◆ Provided material
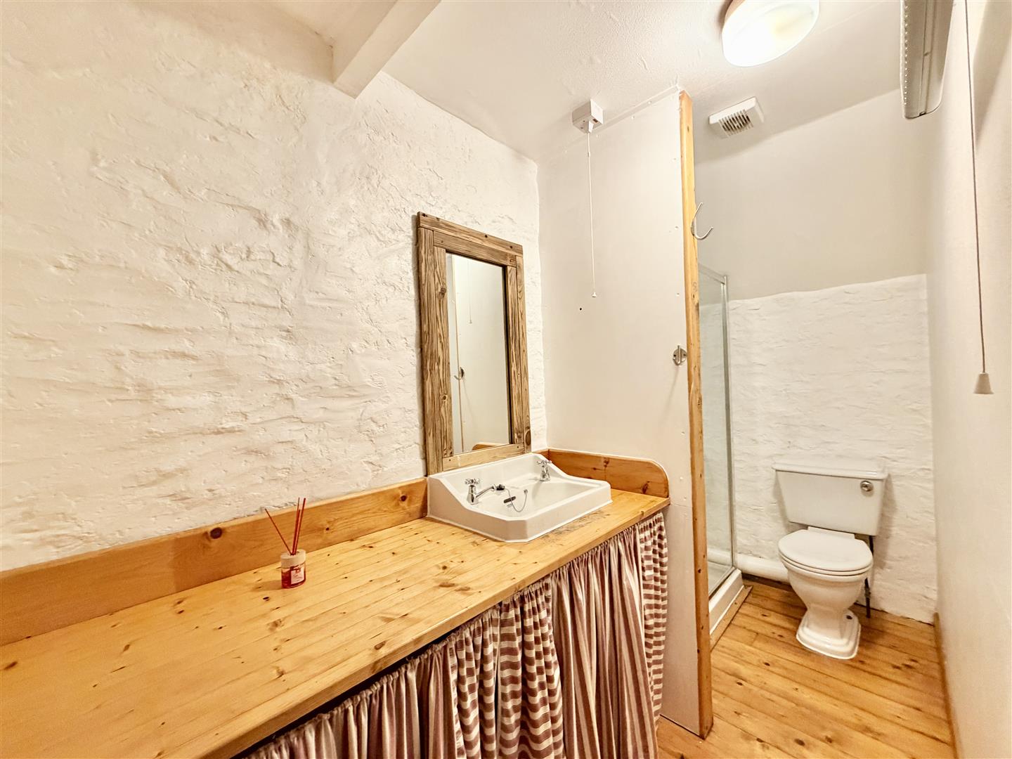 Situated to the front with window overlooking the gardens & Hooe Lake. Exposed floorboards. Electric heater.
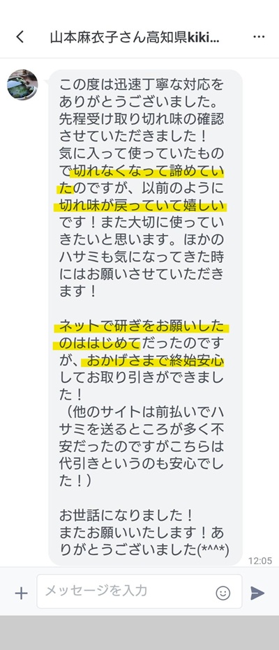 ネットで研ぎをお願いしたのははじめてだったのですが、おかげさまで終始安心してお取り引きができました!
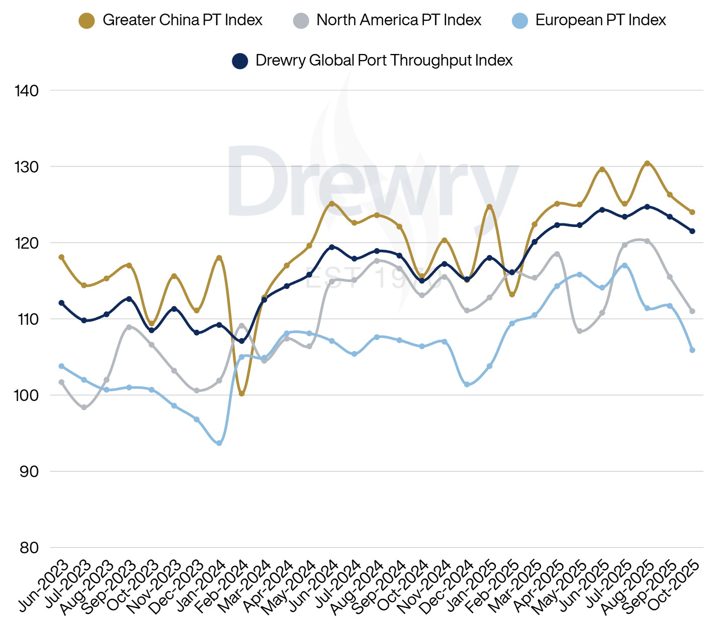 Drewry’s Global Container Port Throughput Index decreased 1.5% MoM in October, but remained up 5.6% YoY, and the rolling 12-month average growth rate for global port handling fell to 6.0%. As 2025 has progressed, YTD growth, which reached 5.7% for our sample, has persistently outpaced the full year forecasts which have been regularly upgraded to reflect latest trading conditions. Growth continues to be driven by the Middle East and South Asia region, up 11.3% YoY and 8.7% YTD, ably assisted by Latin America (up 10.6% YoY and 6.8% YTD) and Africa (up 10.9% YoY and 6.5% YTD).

---

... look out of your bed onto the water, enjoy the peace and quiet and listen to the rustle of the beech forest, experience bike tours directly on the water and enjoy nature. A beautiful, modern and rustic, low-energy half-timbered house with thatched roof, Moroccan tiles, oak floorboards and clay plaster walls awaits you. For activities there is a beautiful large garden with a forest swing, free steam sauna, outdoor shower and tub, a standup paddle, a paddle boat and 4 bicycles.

---

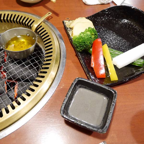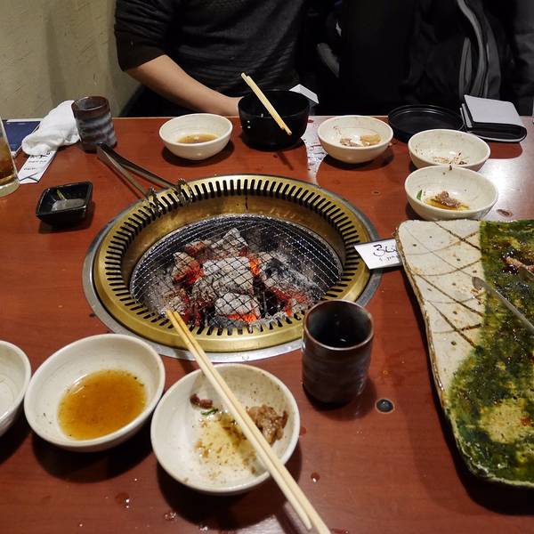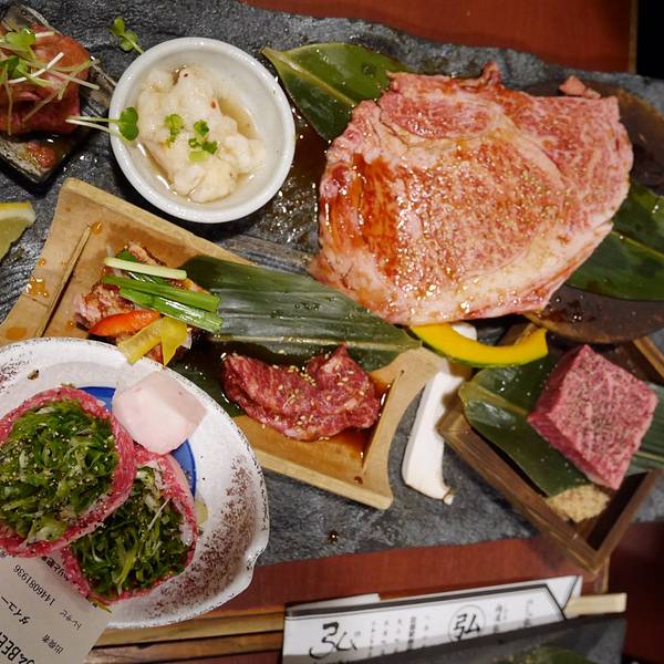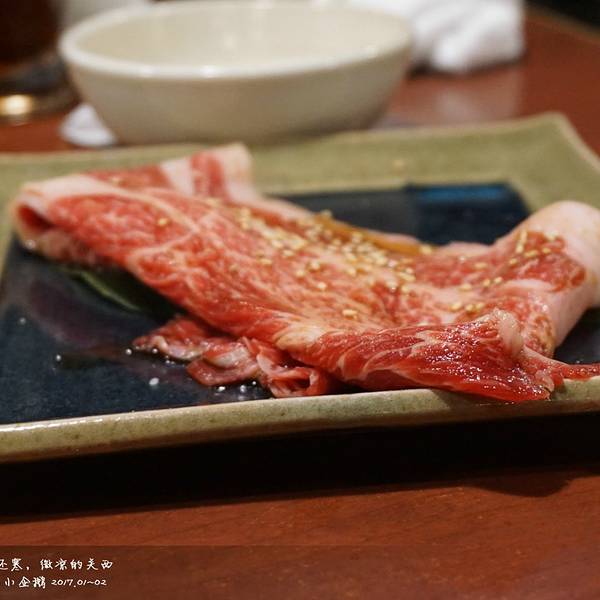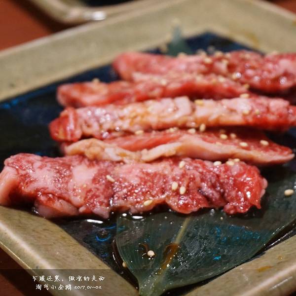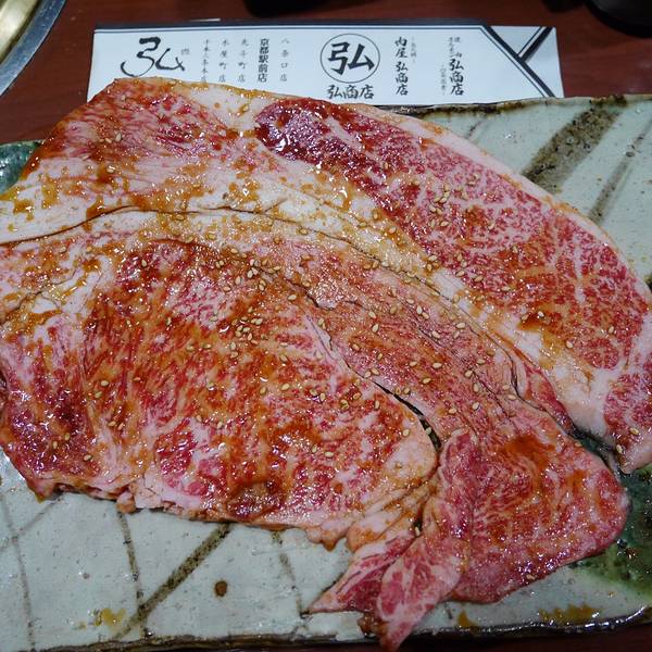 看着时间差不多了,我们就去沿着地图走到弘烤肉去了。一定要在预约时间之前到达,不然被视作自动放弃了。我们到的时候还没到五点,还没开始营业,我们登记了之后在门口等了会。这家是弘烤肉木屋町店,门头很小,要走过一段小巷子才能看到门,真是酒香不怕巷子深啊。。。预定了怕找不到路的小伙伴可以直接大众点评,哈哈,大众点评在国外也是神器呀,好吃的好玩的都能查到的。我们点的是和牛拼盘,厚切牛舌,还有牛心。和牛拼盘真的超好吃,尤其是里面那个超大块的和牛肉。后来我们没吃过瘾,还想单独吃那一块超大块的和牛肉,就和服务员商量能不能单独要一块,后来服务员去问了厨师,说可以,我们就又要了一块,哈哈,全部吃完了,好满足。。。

◆ What you have to do
Everything above from the line containing "Situated to the" down to the line containing "ネットで研ぎをお願いしたのは" is to be duplicated exactly, both lines included, and the pictures are to be omitted.

◆ Output
 Situated to the front with window overlooking the gardens & Hooe Lake. Exposed floorboards. Electric heater.
 ネットで研ぎをお願いしたのははじめてだったのですが、おかげさまで終始安心してお取り引きができました!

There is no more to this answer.